5. Dean Koontz. Mr. Koontz is another writer who needs no introduction. His work is difficult to categorize because he is able to mix and match genre elements with ease. His early work was mainly in the science fiction genre, but he also wrote in the suspense, horror, romance, and mystery genres—now all of these genres can be found in his work. I especially enjoy his work from the 1980s, but I really haven’t found a Koontz book I didn’t enjoy.
My favorite Dean Koontz novels--with a Halloween twist--are: Lightning, Midnight, The Bad Place, Twilight Eyes, and The Face of Fear.

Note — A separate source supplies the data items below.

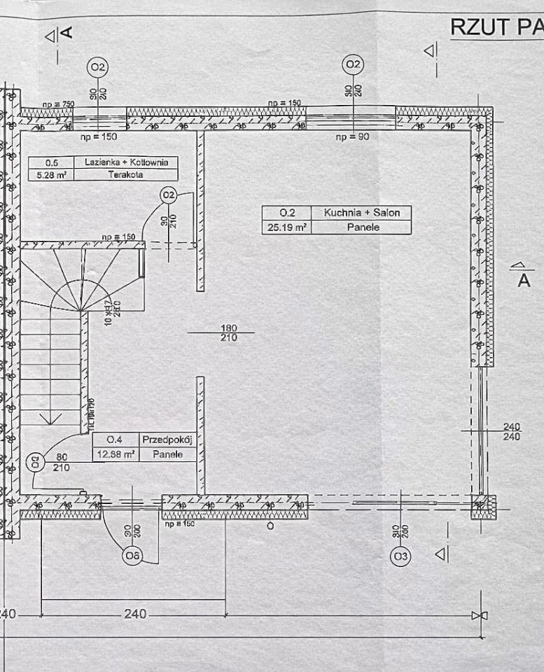 na dole przestrzeń dzienna z wyjściem na ogród,
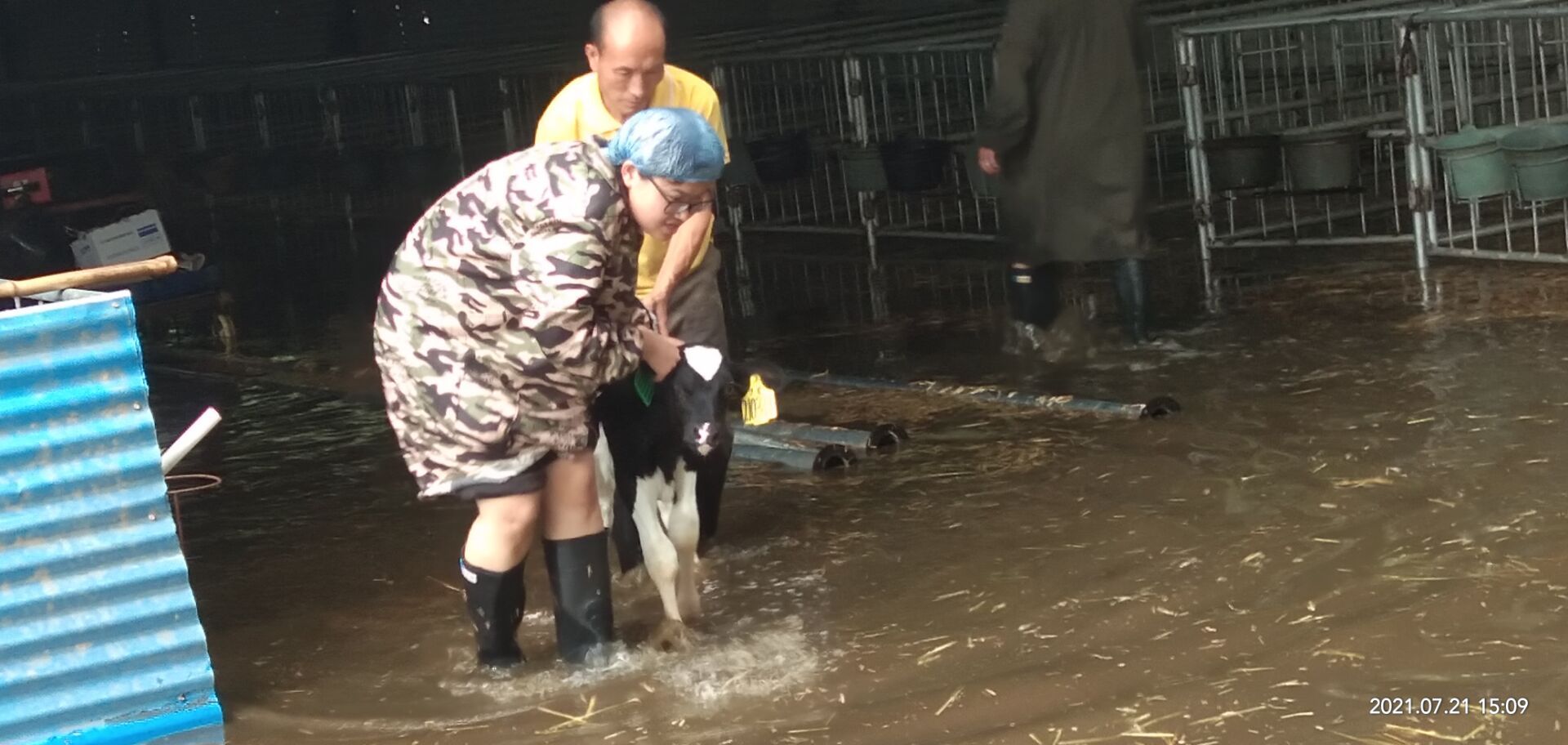 实习生奋力转移犊牛
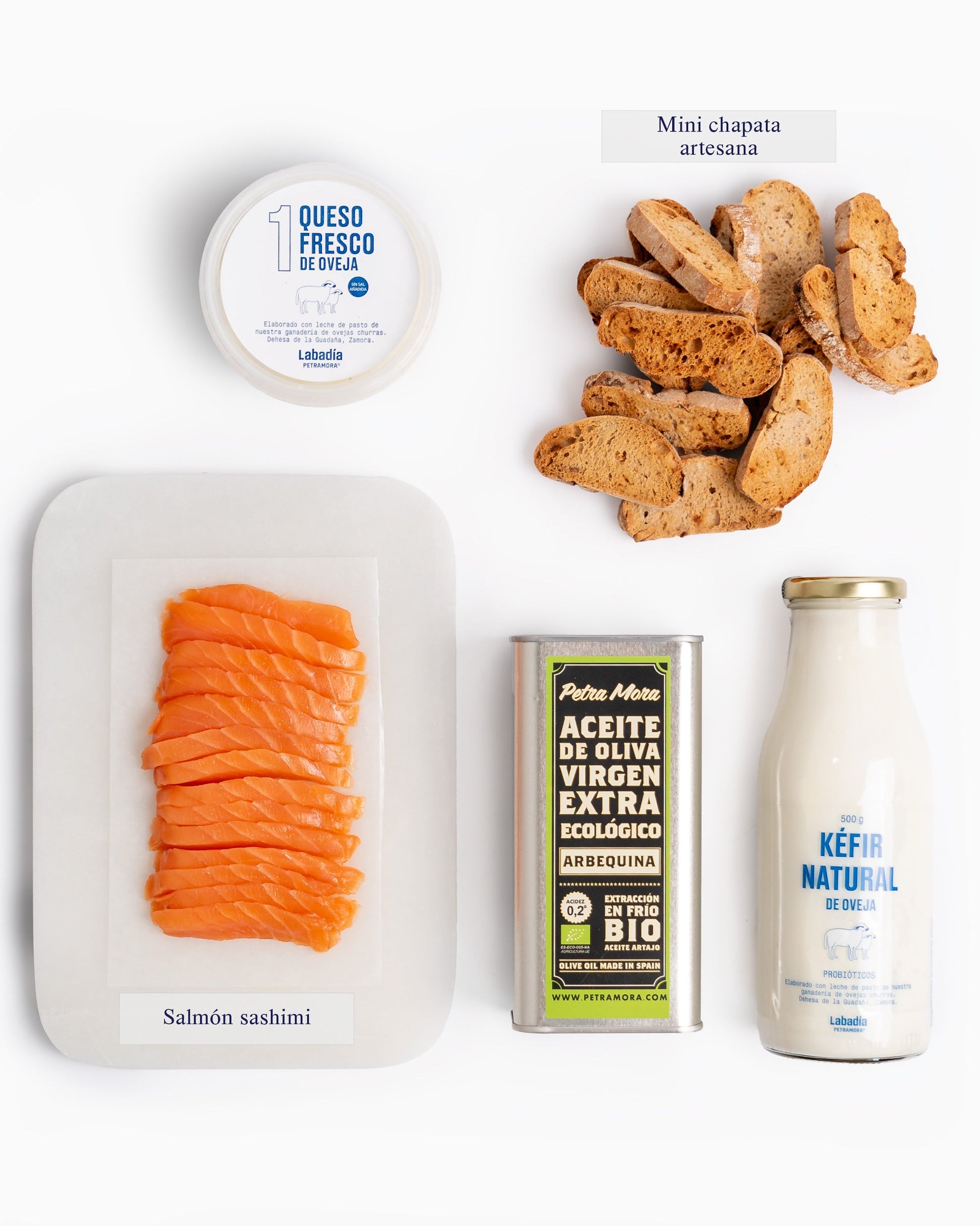 Pack regalo compuesto por: 1 ud. de Labadía 1 fresco: Queso fresco elaborado con la producción de leche de nuestras ovejas churras. 1 ud. de Salmón ahumado sashimi 150g: Salmón...

An additional word on Dean Koontz. I have read several Dean Koontz novels in 2009, and with each reading I gain more and more respect for his work. He is the master of the big suspense novel. His style and ability allows him to write a large and complex novel without losing the intimacy of a smaller voice novel. He truly is the voice of modern suspense and his work, at least parts of it, should survive his and my generation. At least I hope it does.
Monday, October 19, 2009
FUGITIVE OF THE STARS by Edmond Hamilton
The name Edmond Hamilton is legendary in the science fiction genre. He originated, or at least popularized, the space opera style story, and he wrote several classic tales including the short story “The Man Who Evolved”. He was a stable writer for the pulp magazine Weird Tales where he published 79 stories between 1926 and 19481. He was one of the most popular writers of science fiction for decades, but since his death in 1977 his work has nearly been forgotten.

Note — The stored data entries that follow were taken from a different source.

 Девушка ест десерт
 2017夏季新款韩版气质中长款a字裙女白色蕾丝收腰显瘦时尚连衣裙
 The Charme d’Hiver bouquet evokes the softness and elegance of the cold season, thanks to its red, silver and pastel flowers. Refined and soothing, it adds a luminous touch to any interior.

I recently read his novel Fugitive of the Stars—an ACE Double (M-111) published in 1965 with Kenneth Bulmer’s Land Beyond the Map. It is, according to isfdb.org, Mr Hamilton’s second to last published novel. It is a scant 116 pages, but it is pure adventure from the opening sentence to the final page.

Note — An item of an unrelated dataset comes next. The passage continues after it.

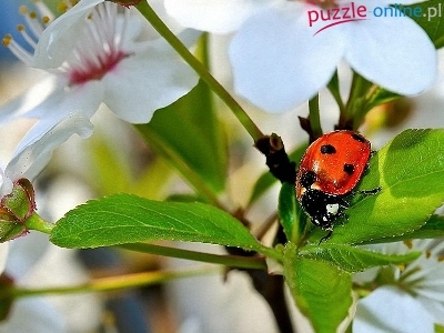 Kwiatki, Gałązka, Białe, Biedronka

Horne is the First Pilot for the Federation freighter Vega Queen. He is on a leisurely cruise to the distant Fringe Worlds—a place where the Federation’s influence is only sporadic and rumors of slave ships and abduction has caused a good deal of unrest and fear. When the Vega Queen reaches its second port stop at the small world of Skereth the second pilot and Horne find trouble. Horne makes it out okay, but his second isn’t so lucky, so with a new second pilot the Vega Queen continues its scheduled route through the Fringe.
Unfortunately the trip goes awry in a hurry. The Vega Queen is smashed apart in an asteroid belt. There are only eighteen survivors, and Horne is accused of drunken negligence. He knows he was drugged, but the investigation taps him as the responsible party. He isn’t satisfied with the verdict—he escapes the detention center in search of the second pilot and the truth behind the crash.
Fugitive of the Stars is pure pulp. It captures the essence of adventure and awe that was science fiction in the 1940s and 50s. The intended market was twelve year-old boys, and it hits square. The only problem, it was written and published in the 1960s; an era when science fiction was changing from its escapist adventure roots to a more serious form. An era that introduced writers like Philip K. Dick, Robert Silverberg, Harlan Ellison, and J.G. Ballard; Mr Hamilton was an old horse by then. His time and stories very probably viewed as archaic and trite by the genre elite.
But damn if it isn’t entertaining. The story is quick and competently written. The prose is smooth and clean, and surprisingly strong and attractive in places:
“To fall with a soundless scream through an empty chaos of contending forces, to be riven right out of your own dimensions and hurled quaking through alien continua…that was how it was, if you looked at it one way."
and
“The mountain was a skull and Horne walked within it, a micro-organism moving through the convoluted tunnels of the brain that filled its great domed hollowness.”
The bottom line: Fugitive of the Stars is entertaining. It is escapist and fun. It is competent—the prose, the plot, the characters—and very well designed. It is a novel that anyone who enjoys a quick and exciting story will enjoy. Don’t break the bank acquiring it, but if you run across a copy—buy it!